Vazquez M, Valencia A, Pons T. (2015) Structure-PPi: a module for the annotation of cancer-related single-nucleotide variants at protein-protein interfaces. Bioinformatics (2015); 31(14):2397-2399 (doi: 10.1093/bioinformatics/btv142)

Wizard

Use the following textbox to input your mutations and retrieve all annotations, including neighbours and interfaces. This method is limited to 1000 variants, use the other (more granular) tasks if your mutation set is larger. Mutations can be specified as genomic mutation 18:6237978:G, a mutated isoform ENSP00000382976:L257R, or using any identifier instead of the Ensembl Protein ID such as Associated Gene Name or gene symbol KRAS:G12V.

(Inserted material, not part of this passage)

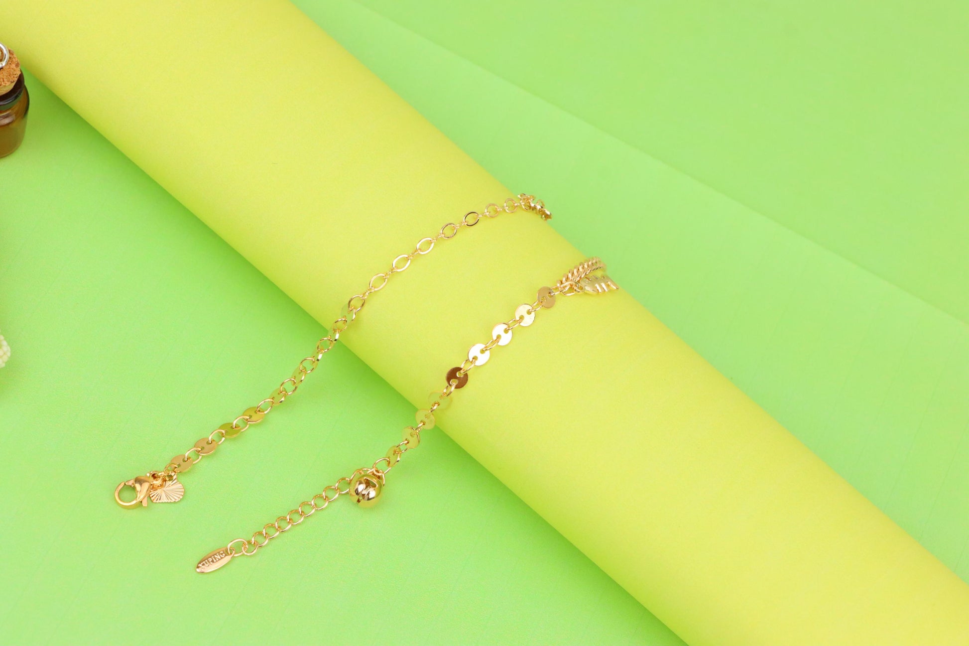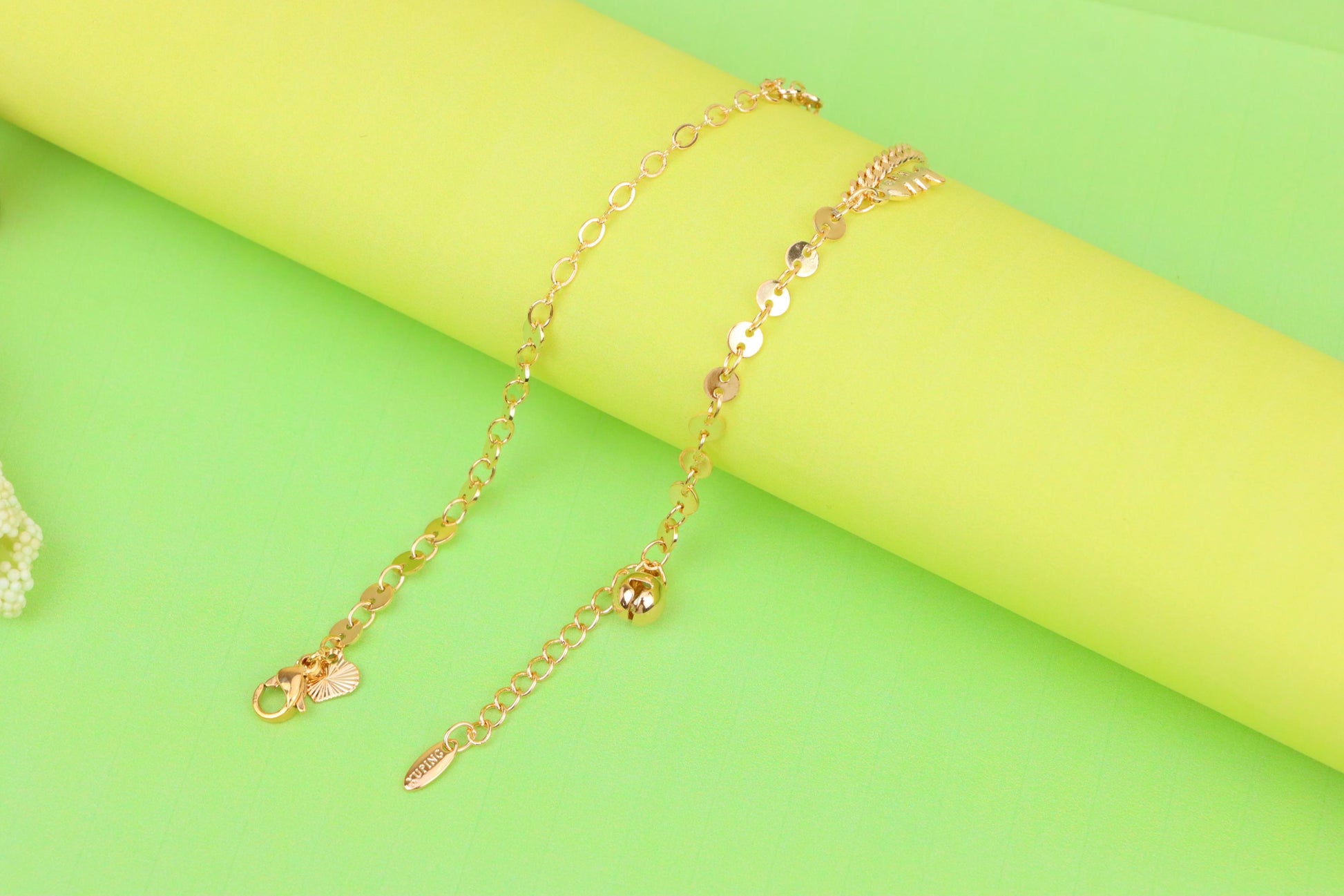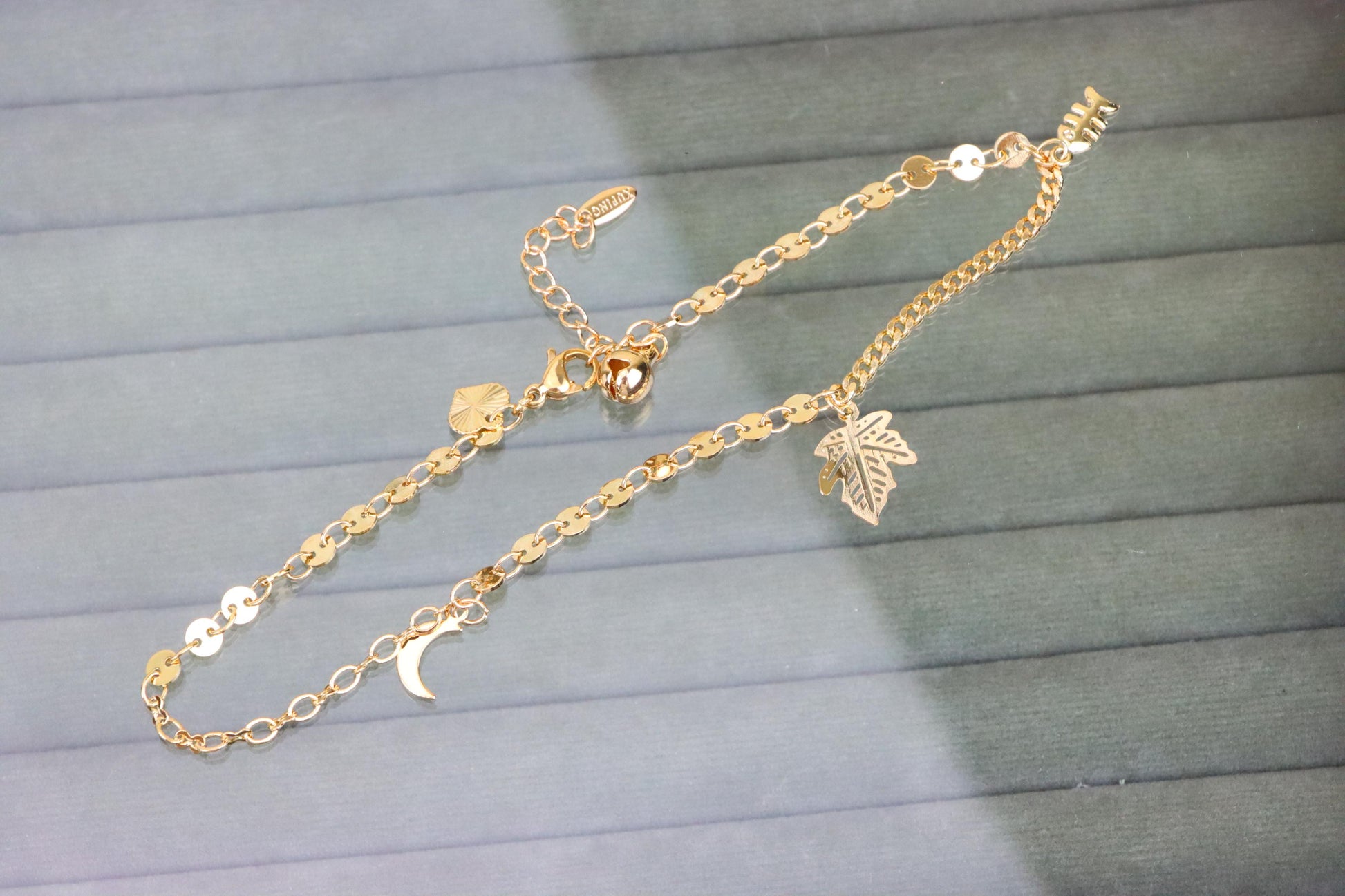 Rose Gold Leaf Charm Anklet with Moon Pendant, XPAL1184

If genomic mutations are given, only principal isoforms are considered. If the protein is specified with any id other than Ensembl Protein ID, it will be translated to Ensembl Gene ID and then its principal isoform will be extracted from Appris. For instance, if the mutation is given using UniProt/SwissProt Accession, and the change is relative to the sequence reported in UniProt, inconsistencies may appear from wrong isoform mappings or due to discrepancies in the sequence. No attempt is made to fix such inconsistencies in this wizard.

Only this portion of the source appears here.